• **INSTRUCTIONS FOR THE TASK**
Below is a listing; retype exactly the lines between the one containing "частью мозаичного узора." and the one containing "1)事業所を選択し、「一括申請データの作成」をクリックします。", inclusive, minus the pictures.

• **DATA SECTION**
╭──

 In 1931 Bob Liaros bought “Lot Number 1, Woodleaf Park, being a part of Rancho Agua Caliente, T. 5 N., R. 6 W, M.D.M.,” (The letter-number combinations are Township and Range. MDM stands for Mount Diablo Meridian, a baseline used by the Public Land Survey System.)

╰──
╭──

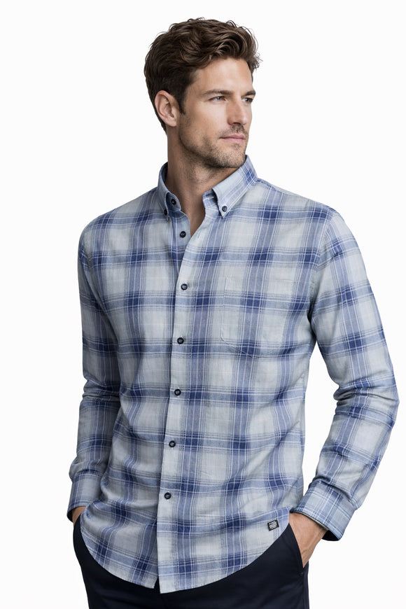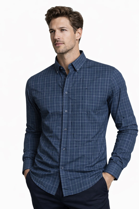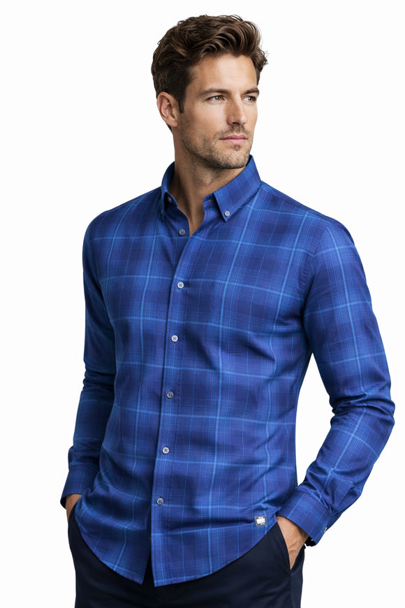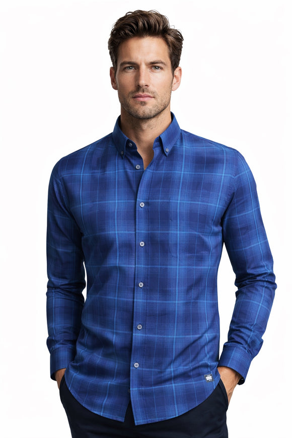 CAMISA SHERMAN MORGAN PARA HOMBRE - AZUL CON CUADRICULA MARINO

╰──
╭──

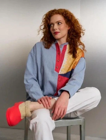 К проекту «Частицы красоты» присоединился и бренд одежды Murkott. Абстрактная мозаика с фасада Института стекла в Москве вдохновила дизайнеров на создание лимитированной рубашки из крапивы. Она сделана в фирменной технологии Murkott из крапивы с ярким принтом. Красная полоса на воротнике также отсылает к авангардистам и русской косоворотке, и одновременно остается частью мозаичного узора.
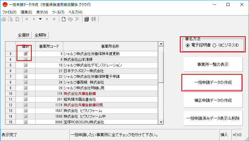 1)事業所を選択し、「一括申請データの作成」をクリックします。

╰──

• **WRITTEN SOLUTION**
 К проекту «Частицы красоты» присоединился и бренд одежды Murkott. Абстрактная мозаика с фасада Института стекла в Москве вдохновила дизайнеров на создание лимитированной рубашки из крапивы. Она сделана в фирменной технологии Murkott из крапивы с ярким принтом. Красная полоса на воротнике также отсылает к авангардистам и русской косоворотке, и одновременно остается частью мозаичного узора.
 1)事業所を選択し、「一括申請データの作成」をクリックします。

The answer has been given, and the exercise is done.